Requirement:
Repeat nothing but the lines below running from the one containing "商品名:FUNKS 水やり花子 電源水道不要" to the one containing "올해 행사는 중구 사회적경제·마을공동체". Keep both end lines.

Material provided:
>>

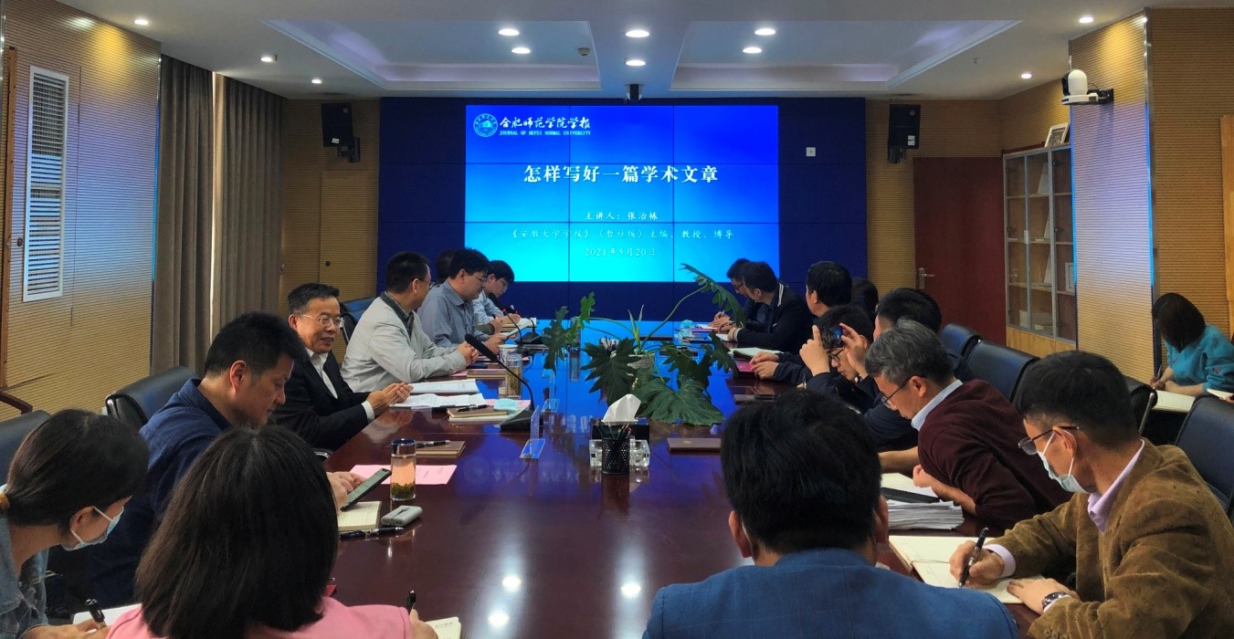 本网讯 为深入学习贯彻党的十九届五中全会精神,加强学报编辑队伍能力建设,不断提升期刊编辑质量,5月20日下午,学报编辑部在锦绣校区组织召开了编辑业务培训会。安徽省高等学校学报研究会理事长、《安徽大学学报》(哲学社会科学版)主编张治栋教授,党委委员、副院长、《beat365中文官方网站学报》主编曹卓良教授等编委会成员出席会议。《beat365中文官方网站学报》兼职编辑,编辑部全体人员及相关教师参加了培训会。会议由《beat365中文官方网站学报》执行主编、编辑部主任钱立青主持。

<<
>>

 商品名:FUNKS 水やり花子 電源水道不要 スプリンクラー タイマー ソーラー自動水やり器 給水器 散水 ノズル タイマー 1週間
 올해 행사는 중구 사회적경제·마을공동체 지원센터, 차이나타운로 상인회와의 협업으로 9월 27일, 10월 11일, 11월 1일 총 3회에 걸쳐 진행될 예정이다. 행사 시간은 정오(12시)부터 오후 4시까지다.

<<
>>

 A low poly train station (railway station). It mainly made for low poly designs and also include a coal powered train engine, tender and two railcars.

<<

Result for this task:
 商品名:FUNKS 水やり花子 電源水道不要 スプリンクラー タイマー ソーラー自動水やり器 給水器 散水 ノズル タイマー 1週間
 올해 행사는 중구 사회적경제·마을공동체 지원센터, 차이나타운로 상인회와의 협업으로 9월 27일, 10월 11일, 11월 1일 총 3회에 걸쳐 진행될 예정이다. 행사 시간은 정오(12시)부터 오후 4시까지다.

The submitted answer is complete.